The Nitro Express (NE) series of cartridges are used in large-bore hunting rifles, also known as elephant guns or express rifles, but later came to include smaller bore high velocity (for the time) British cartridges.

==Name==
The term "Express" was coined by James Purdey in 1856, derived from the express train, to publicise the bullet velocity of his double rifles and became common parlance for many rifle cartridges. The addition of the word "Nitro" stemmed from the propellant used in these cartridges, cordite, which is composed of nitrocellulose and nitroglycerine.

==Evolution==

===Early developments===
The .450 Nitro Express was introduced by John Rigby & Company in 1898. It was developed by loading the existing .450 Black Powder Express cartridge with cordite. The .450 NE was used for hunting dangerous game in Africa and India.

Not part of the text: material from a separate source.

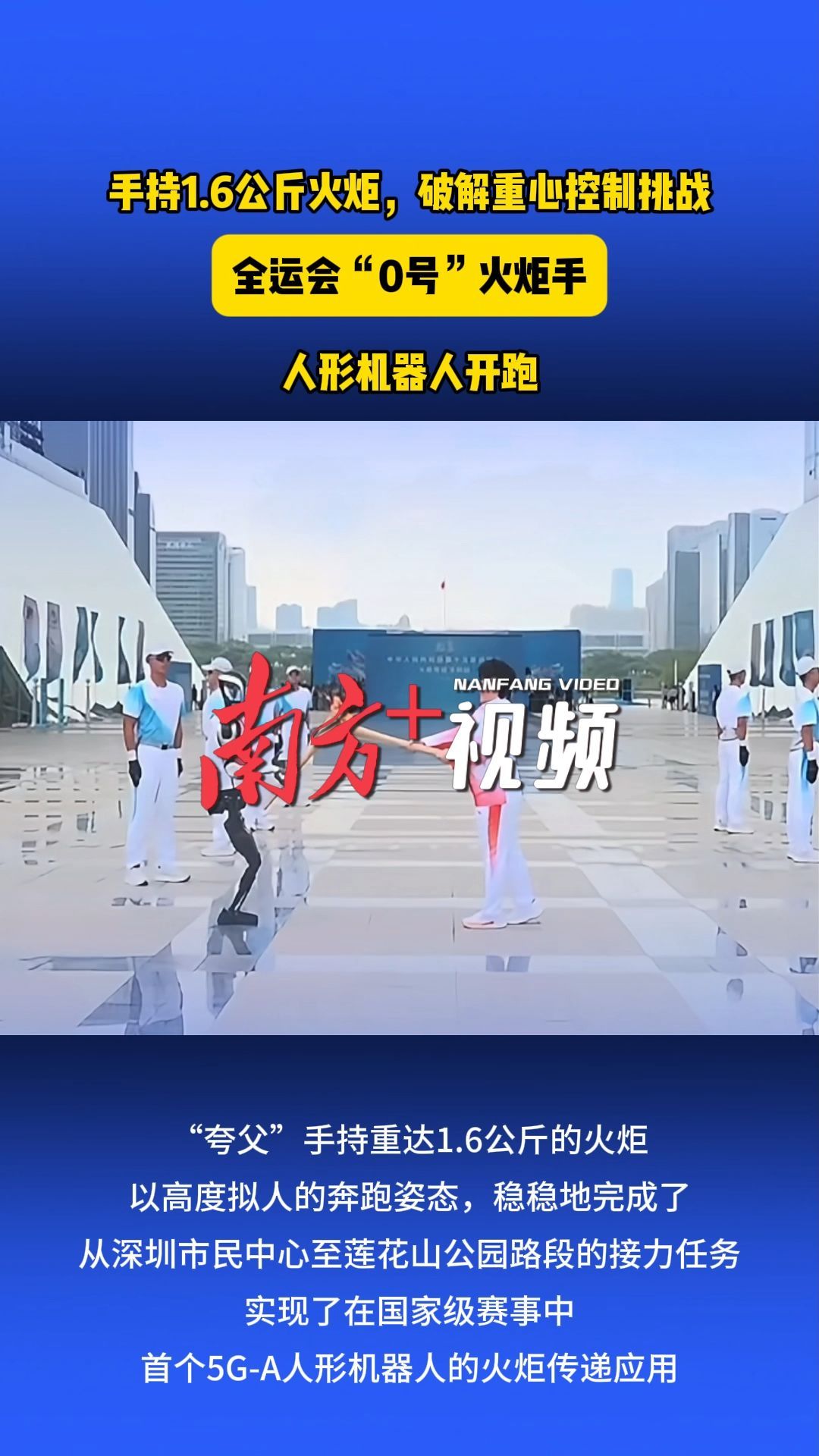 “夸父”手持重达1.6公斤的火炬,以高度拟人的奔跑姿态,稳稳地完成了从深圳市民中心至莲花山公园路段的接力任务,实现了在国家级赛事中首个5G-A人形机器人的火炬传递应用。

Early extraction problems with the .450 NE was the catalyst for Holland & Holland to develop the .500/450 Nitro Express and Eley Brothers the .450 No 2 Nitro Express both with very similar ballistics and performance to the original. Rigby soon solved the problems with the .450 NE, which quickly became the standard big-game cartridge used throughout Britain's African colonies and India.

With the success of the .450 NE, various people (it is not clear who) decided to follow Rigby's example and load the old .450/400 Black Powder Express, .500 Black Powder Express and .577 Black Powder Express cartridges with cordite, creating the .450/400 Nitro Express, .500 Nitro Express and .577 Nitro Express, the latter two offering greater power than the .450s at the expense of greater rifle weight and recoil. In 1903 Jeffery & Co decided to outdo them all, creating the .600 Nitro Express, the most powerful sporting cartridge commercially available for over half a century.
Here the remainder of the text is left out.